Greetings from the other side (of the screen)! My name is Melanie Morales and I’m in my first year of graduate school. I received my undergraduate degree from the great Texas State in 2010 and now I’m back for more. I actually came to Texas State as an interested journalism major and soon switched to Public Relations where I received my degree. It’s interesting to see how much has changed since then but it’s not that surprising. Digital media has been evolving rapidly in the last few years and data journalism seems to be the next big “thing.”
I honestly didn’t think about data journalism and what it was until the readings. I would read articles that clearly had data presented in a visual way, but never thought of it as a way of storytelling. i was just glad they gave me a picture to look at, because as the readings suggested, it brings the story to life, allows readers to relate to it and makes the information more digestible. So, yes, I’m all for that! I think ideas for this topic are limitless (well, depending on the data), but overall, some pretty insightful correlations can be brought to light. If you know me or if you were my classmate last semester in the Web Design class, you might know that a lot of my topics related to my church. So Christianity for me is not only me choosing to dedicate my life to Jesus, but it also a controversial topic in many countries. I’d like to see a data set bring some of the questions, beliefs, lifestyles, stereotypes or any other topic surrounding the religion to life.
If I gave you an honest answer of what data journalism was, I would say “cool pictures with some text.” Obviously, I’m not fleshing out the importance of what journalism is so I would then redefine it as “a skill-set used by journalists or journalist-type professionals to convey important data – that is too large to understand and would get “lost” in plain text – in a meaningful and visual (and possibly, interactive) way.”

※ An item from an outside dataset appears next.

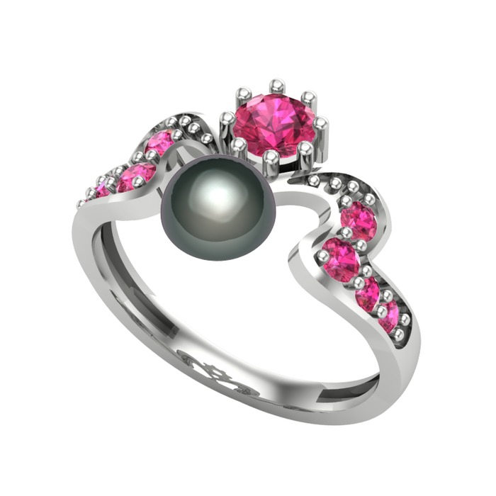 Siyah inci ve rodolit garnet 14 ayar beyaz altın yüzük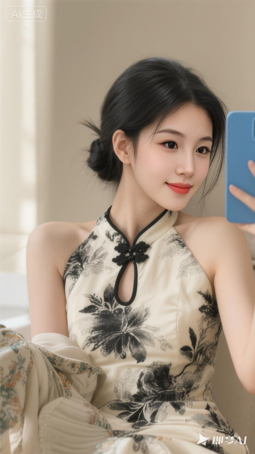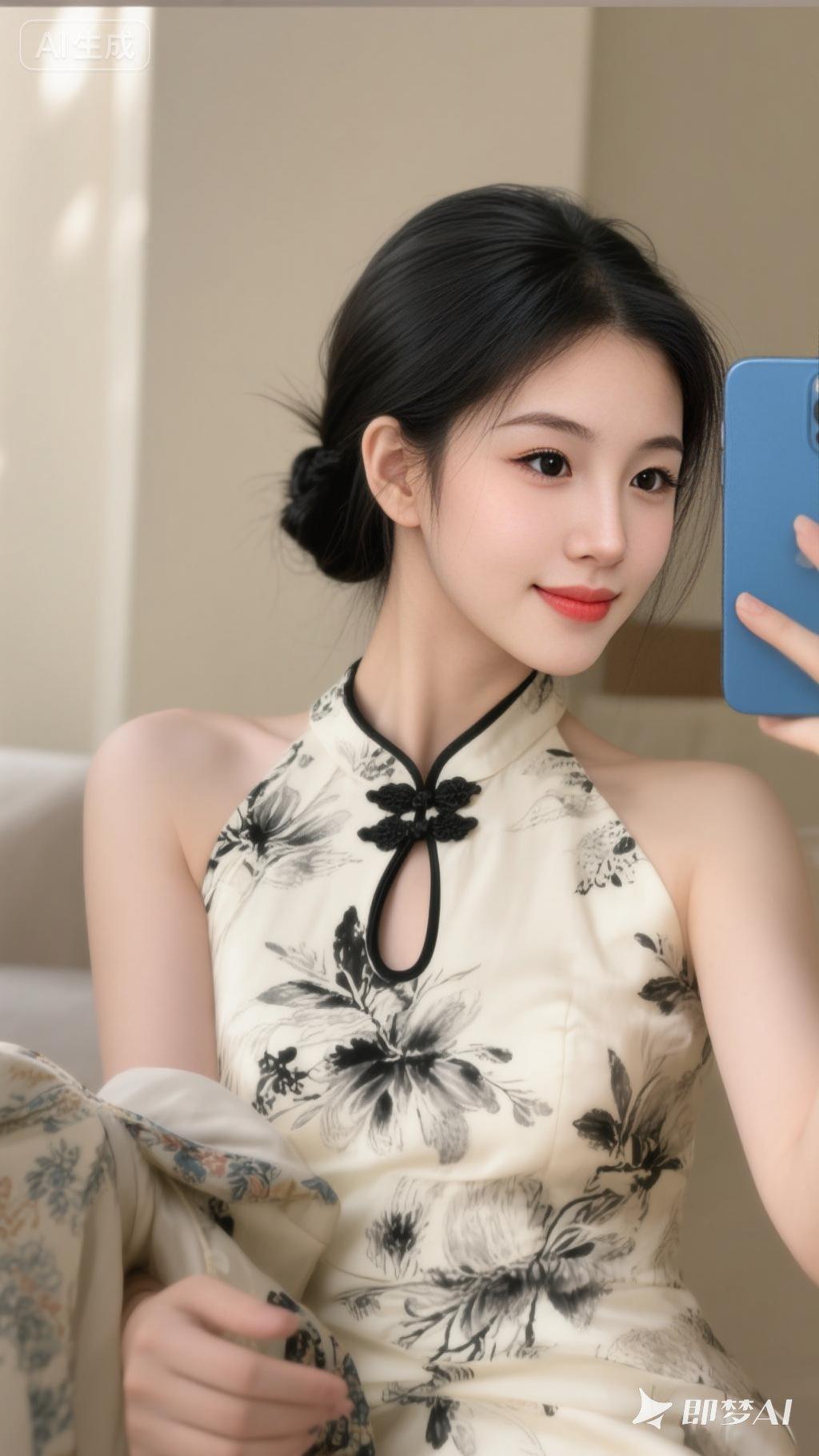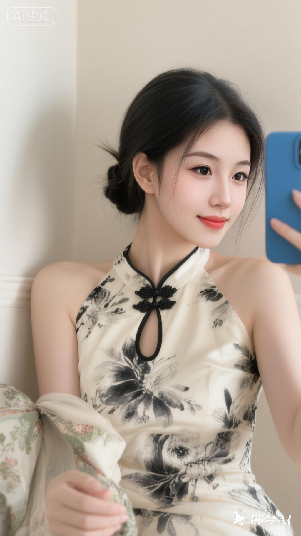 一位年轻女性,黑发优雅盘成发髻,身着米白色底配黑色水墨花卉纹的挂脖改良旗袍(领口镂空、黑边装饰),手持蓝色手机自拍,手臂搭着带有花纹的衣物

I probably have a more pessimistic outlook of data journalism (I think that’s the hard technology determinist in me), but I see it becoming the norm of telling a story, rather than a supplement or something that you see every now and then. With more people spending less time reading and more time typing or talking to their phone to type, I think it will gradually evolve into how we digest the front page news. WHO KNOWS?! Again, I’m just very satisfied with the visual and useful information it does provide. Who doesn’t like pictures when the flip through a book? Same concept, right?